* [Data segment]:

* * * * *

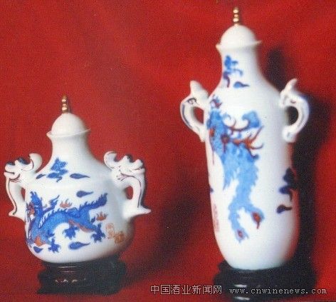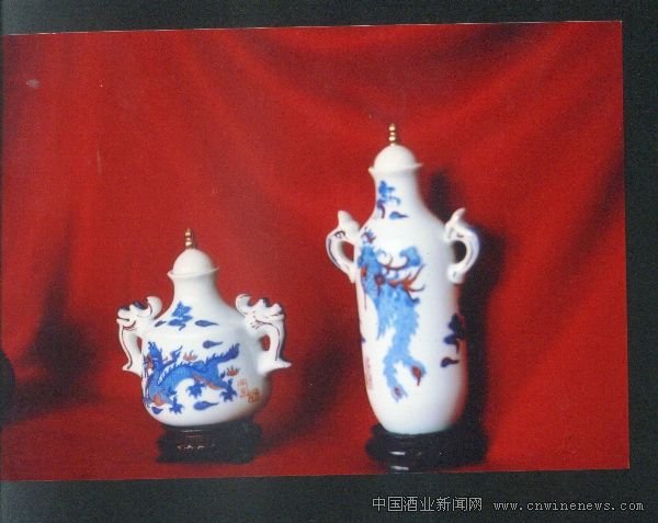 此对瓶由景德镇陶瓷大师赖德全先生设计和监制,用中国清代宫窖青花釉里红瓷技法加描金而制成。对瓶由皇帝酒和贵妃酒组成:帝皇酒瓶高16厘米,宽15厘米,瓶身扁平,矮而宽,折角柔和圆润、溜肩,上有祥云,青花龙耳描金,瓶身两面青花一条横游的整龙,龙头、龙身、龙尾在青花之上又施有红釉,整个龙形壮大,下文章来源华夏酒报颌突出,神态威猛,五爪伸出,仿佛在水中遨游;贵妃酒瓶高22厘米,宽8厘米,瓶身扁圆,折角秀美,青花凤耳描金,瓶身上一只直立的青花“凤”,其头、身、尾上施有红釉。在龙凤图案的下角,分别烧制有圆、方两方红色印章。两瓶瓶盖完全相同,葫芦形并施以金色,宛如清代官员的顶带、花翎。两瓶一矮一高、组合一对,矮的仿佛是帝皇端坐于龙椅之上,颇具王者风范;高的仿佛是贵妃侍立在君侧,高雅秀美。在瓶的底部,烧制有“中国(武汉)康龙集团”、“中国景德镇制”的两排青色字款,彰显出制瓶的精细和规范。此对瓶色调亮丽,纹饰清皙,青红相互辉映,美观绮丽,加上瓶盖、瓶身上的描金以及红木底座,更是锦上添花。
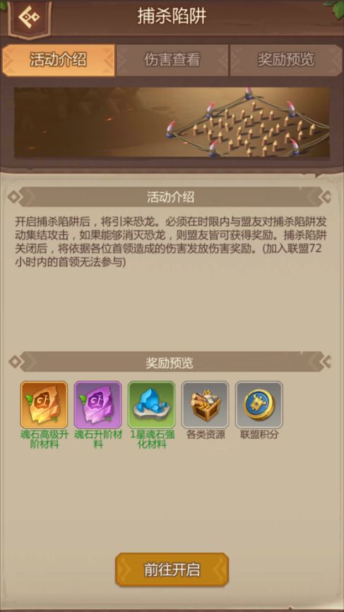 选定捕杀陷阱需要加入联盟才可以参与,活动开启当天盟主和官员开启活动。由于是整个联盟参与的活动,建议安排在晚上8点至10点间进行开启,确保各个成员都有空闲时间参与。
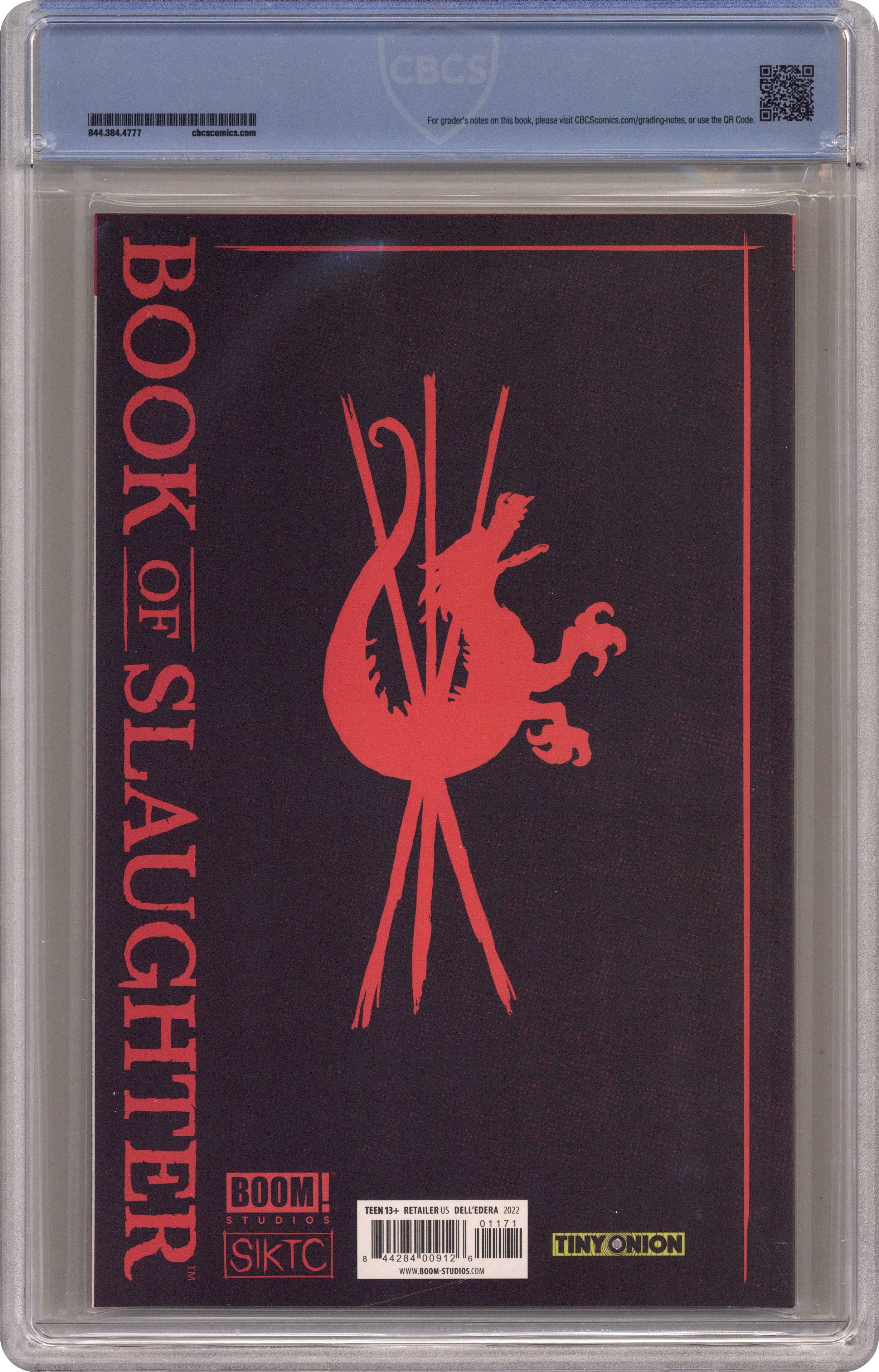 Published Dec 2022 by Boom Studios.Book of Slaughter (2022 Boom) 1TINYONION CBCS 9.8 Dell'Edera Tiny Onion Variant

* * * * *

* [Try it]: Copy out the whole listing word for word, except for any picture it includes.

* [Completed exercise]:
 此对瓶由景德镇陶瓷大师赖德全先生设计和监制,用中国清代宫窖青花釉里红瓷技法加描金而制成。对瓶由皇帝酒和贵妃酒组成:帝皇酒瓶高16厘米,宽15厘米,瓶身扁平,矮而宽,折角柔和圆润、溜肩,上有祥云,青花龙耳描金,瓶身两面青花一条横游的整龙,龙头、龙身、龙尾在青花之上又施有红釉,整个龙形壮大,下文章来源华夏酒报颌突出,神态威猛,五爪伸出,仿佛在水中遨游;贵妃酒瓶高22厘米,宽8厘米,瓶身扁圆,折角秀美,青花凤耳描金,瓶身上一只直立的青花“凤”,其头、身、尾上施有红釉。在龙凤图案的下角,分别烧制有圆、方两方红色印章。两瓶瓶盖完全相同,葫芦形并施以金色,宛如清代官员的顶带、花翎。两瓶一矮一高、组合一对,矮的仿佛是帝皇端坐于龙椅之上,颇具王者风范;高的仿佛是贵妃侍立在君侧,高雅秀美。在瓶的底部,烧制有“中国(武汉)康龙集团”、“中国景德镇制”的两排青色字款,彰显出制瓶的精细和规范。此对瓶色调亮丽,纹饰清皙,青红相互辉映,美观绮丽,加上瓶盖、瓶身上的描金以及红木底座,更是锦上添花。
 选定捕杀陷阱需要加入联盟才可以参与,活动开启当天盟主和官员开启活动。由于是整个联盟参与的活动,建议安排在晚上8点至10点间进行开启,确保各个成员都有空闲时间参与。
 Published Dec 2022 by Boom Studios.Book of Slaughter (2022 Boom) 1TINYONION CBCS 9.8 Dell'Edera Tiny Onion Variant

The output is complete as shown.